Fig. 4: Evaluating the performance of SRDTrans on simulated calcium imaging data.
figure 4

a, SRDTrans denoised calcium imaging data sampled at 30 Hz. Magnified views show the neural activity of the yellow boxed region in a short period (~2 s). Left: the original low-SNR data. Middle: SRDTrans denoised data. Right: GT. Scale bars, 60 μm for the whole FOV and 30 μm for magnified views. The magenta arrowhead indicates a dendritic fiber and the yellow arrowhead indicates two neighboring somas. b, Pixel intensity along the yellow dashed line in a. Top left: raw data. Middle left: SRDTrans denoised data. Bottom left: GT. Right: plotting the three intensity profiles in one coordinate. The similarity with GT is quantified by Pearson correlation coefficients (R). c, Frequency spectrum calculated by discrete Fourier transform before and after denoising. Magnified views of the boxed regions show the frequency components within the optical transfer function. The similarity in the frequency domain is quantified by LFD. d, The performance of SRDTrans at different SNR levels. All values are shown as mean ± s.d. (N = 6,000 independent frames). e, Comparing the performance of DeepCAD and SRDTrans on calcium imaging data sampled at 0.3 Hz. Magnified views show the neural activity of yellow boxed regions in a 20 s time window. Scale bars, 100 μm for the whole FOV and 40 μm for magnified views. The yellow and purple arrowheads point to a firing neuron and a resting neuron, respectively. f, Ablation experiments to investigate the effects of different sampling strategies and network architectures. SRDTrans (orange) uses spatial redundancy sampling and a lightweight spatiotemporal transformer. DeepCAD (purple) combines temporal redundancy sampling and a CNN (3D U-Net). SRDCNN (green) is the method combining spatial redundancy sampling and a CNN (3D U-Net). All values are shown as mean ± s.d. (N = 1,000 independent frames for each frame rate). g, Fluorescence traces (F) extracted from 50 randomly selected neuronal pixels. The similarity with GT is quantified by Pearson correlation coefficients (R). Top: traces extracted from raw data. Middle: traces extracted from DeepCAD denoised data. Middle bottom: traces extracted from SRDTrans denoised data. Bottom: GT.

Source data

Then we investigate the denoising performance of SRDTrans on calcium imaging data sampled at 0.3 Hz, which is 100 times lower than the imaging speed demonstrated above. Bilateral assessments in both the space domain and the frequency domain reveal that SRDTrans can accurately retrieve the fluorescence signals from the original highly degraded images without structural blurring and frequency deficiency (Fig. 4e and Supplementary Fig. 14).

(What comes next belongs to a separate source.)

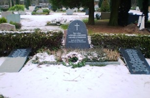 Auf dem Friedhof zwei liegende Steinplatten mit Namen ausländischer Toter, dazwischen ein stehender Stein mit Inschrift.
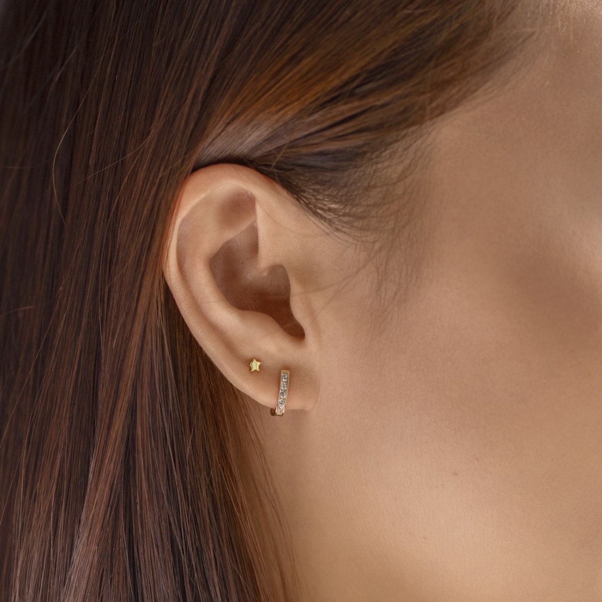 These 14K Gold huggies feature tiny White Zirconia gemstones. Great Birthstone gift!

When the sampling rate is much lower than the fluorescence dynamics, the large discrepancy between the signals in two adjacent frames cannot provide the temporal correlation required by DeepCAD and DeepInterpolation, so they are not accurate enough to be used in conditions of low imaging speed or fast activity (Supplementary Fig. 16). To figure out how SRDTrans works at different imaging speeds, we performed an ablation study on different sampling strategies and network architectures (Fig. 4f and Supplementary Table 3). The results indicate that spatial redundancy sampling performs better at low imaging speeds, whereas temporal redundancy sampling performs better at high imaging speeds. Almost equally for all imaging speeds, our transformer architecture offers an additional improvement (~2.05 ± 0.27 dB) over conventional CNNs. In general, the synergistic combination of the spatial redundancy sampling and the transformer architecture in SRDTrans provides better performance than DeepCAD at all imaging speeds (Supplementary Figs. 17 and 18). In the time domain, the superior ability of SRDTrans can reveal high-fidelity calcium transitions without distorting fluorescence kinetics (Fig. 4g). Moreover, we also simulated fast-moving objects to imitate migrating cells that are widely existed in living organisms. The quantitative evaluation shows that SRDTrans can preserve the structure of densely distributed objects even if they are moving at a speed of up to 9 pixels per frame (Supplementary Fig. 19 and Supplementary Video 4), alleviating the shortage of denoising methods for fast-moving cells and organelles.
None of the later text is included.